Feminist olduğu yönünde kendisinden kalan bir delil veya bir duyum yok fakat fotoğraf tarzına ve yaklaşımlarına bakarsak Vivian Maier’in feminist olduğunu söyleyebiliriz. Örneğin; bir video kaydında, markette gazete manşetlerindeki ABD başkanı Nixon hakkında kadınlara soru soruyor, bir kadın bir şey söylemeyince “hadi ama kadınların fikri olmalı” diyor. Birçok feminist kadın fotoğrafçı gibi onların tarzında otoportresini çekiyor. Kadın cinayetleri ve kız çocuğu taciz haberlerini özellikle dosyalıyor, imkanı varsa olay yerini gidip inceliyor. Özellikle ağlayan kız çocuklarını fotoğraflarında fazlaca görüyoruz. Bir detay var, erkekler için “onların tek derdi kadınları kirletmektir” diyor. Maier, bilinçli olarak bir feminist mi yoksa erkeklere duyduğu öfke onu böyle davranışlara mı itti bilemiyoruz. Başka bir olay, bir gün tepe bir yerden fotoğraf çekerken düşeceğini sanan bir adam elini uzatıyor, adamı itekliyor ve kafasına tekme atıyor. Adam beyin sarsıntısı geçiriyor ve hastaneye kaldırılıyor. Erkeklere aşırı bir öfke duyduğu aşikar fakat bunun sebebini kimse bilmiyor. Onu tanıyanlar, geçmişte travmatik bir olay yaşamış olabileceğini düşünüyor.
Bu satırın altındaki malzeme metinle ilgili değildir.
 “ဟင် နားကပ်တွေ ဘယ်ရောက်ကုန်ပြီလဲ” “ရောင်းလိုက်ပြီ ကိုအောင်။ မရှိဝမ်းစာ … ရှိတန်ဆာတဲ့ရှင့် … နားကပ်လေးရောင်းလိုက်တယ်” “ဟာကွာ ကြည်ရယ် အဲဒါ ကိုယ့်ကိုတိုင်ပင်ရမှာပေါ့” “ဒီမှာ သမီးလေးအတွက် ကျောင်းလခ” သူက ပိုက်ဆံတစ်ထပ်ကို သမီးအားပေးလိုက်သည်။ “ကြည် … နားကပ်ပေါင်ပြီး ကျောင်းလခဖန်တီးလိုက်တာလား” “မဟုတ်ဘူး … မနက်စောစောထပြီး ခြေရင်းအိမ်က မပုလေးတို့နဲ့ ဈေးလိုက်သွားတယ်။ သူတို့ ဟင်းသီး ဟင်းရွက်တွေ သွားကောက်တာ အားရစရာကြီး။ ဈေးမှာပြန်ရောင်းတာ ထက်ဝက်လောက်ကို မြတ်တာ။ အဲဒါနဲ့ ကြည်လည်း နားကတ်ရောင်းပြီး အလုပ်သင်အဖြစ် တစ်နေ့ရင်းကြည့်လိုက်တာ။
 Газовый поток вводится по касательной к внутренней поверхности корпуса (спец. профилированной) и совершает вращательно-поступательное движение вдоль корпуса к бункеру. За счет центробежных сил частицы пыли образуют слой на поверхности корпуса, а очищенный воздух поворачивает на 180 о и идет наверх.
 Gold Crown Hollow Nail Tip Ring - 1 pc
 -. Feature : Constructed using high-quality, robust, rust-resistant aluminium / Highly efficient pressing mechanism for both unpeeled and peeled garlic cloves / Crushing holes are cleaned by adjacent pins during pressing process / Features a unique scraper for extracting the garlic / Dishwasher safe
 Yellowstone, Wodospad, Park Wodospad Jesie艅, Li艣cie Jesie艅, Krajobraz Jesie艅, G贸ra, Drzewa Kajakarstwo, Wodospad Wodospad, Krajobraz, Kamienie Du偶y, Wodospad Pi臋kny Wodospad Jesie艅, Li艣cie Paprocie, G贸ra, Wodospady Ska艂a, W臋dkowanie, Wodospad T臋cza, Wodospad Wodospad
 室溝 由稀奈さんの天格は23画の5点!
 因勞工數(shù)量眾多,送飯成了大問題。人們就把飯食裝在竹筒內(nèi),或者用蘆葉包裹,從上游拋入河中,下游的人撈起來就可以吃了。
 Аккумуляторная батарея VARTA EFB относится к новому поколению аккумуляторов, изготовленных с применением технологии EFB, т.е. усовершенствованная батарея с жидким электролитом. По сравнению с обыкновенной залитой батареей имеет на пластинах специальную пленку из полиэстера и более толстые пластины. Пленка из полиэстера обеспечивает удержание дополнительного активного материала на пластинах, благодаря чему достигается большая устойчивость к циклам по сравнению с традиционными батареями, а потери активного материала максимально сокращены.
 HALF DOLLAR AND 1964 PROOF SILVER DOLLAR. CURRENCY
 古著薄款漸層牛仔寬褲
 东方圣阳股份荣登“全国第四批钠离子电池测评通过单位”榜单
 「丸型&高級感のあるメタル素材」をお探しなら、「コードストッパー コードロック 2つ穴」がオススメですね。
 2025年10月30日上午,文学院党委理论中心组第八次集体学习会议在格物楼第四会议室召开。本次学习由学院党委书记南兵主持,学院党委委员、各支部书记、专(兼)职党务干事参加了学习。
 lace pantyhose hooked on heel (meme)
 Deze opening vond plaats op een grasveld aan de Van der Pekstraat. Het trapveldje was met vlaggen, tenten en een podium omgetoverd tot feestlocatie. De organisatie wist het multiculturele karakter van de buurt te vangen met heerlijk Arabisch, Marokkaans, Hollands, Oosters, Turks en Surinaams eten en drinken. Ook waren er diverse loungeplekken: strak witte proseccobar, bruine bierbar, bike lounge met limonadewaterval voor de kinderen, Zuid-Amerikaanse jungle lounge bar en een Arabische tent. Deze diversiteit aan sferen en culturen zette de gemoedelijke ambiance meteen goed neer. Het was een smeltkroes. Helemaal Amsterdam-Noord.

Neden Kendini Bu Kadar Gizledi?
Bunu kimse tam olarak bilemiyor fakat uzun süre yanlarında çalıştığı bir ailenin ferdi bu durum için, geçmişte çalıştığı bir aile tarafından Vivian’ın aşırı aşağılandığı ve hor görüldüğü için içine kapanık olduğunu düşünüyor. Aynı kişi Maier’e “Hiç sağlık sigortan olmamış, bunu dert etmiyor musun?” diye sorunca “Fakirler ölemeyecek kadar fakirdir” cevabını veriyor.
Vivian Maier Ajan Mıydı?
Bu deli saçması söylemi birkaç yazıda gördüm. Genel kanaatim bunu söyleyenlerin Vivian Maier’in hayatı hakkında yüzeysel bilgiye sahip olmaları. “Bir kadın varmış, kendini gizlemiş, hep fotoğraf çekmiş” yaklaşımından öteye gidemeyen düşünceler. Bir ajan neden farklı eyaletlerde sıradan ailelerde dadılık yapsın, neden gerçek adını kullansın, neden gününün büyük çoğunu çocuk bakıp yerleri silerek ve yemek yaparak geçirsin ve hepsinden öte neden sanatsal fotoğraflar çeksin? Neden portreler, ağlayan çocuklar, ambiyanslar, tatil fotoğrafları çeksin ve neden çöp toplayarak hayatının son evrelerini geçirsin. Kısaca yazıyı baştan sona kadar okuduysanız zaten bu yaklaşımın anlamsızlığını fark etmişsinizdir.
Not
Vivian Maier’in yaşamı ilginizi çektiyse; John Maloof’un Finding Vivian Maier (2013) ve Pamela Bannos’un Vivian Maier: Who Took Nanny’s Pictures (2013) belgesellerini izlemenizi tavsiye ederim.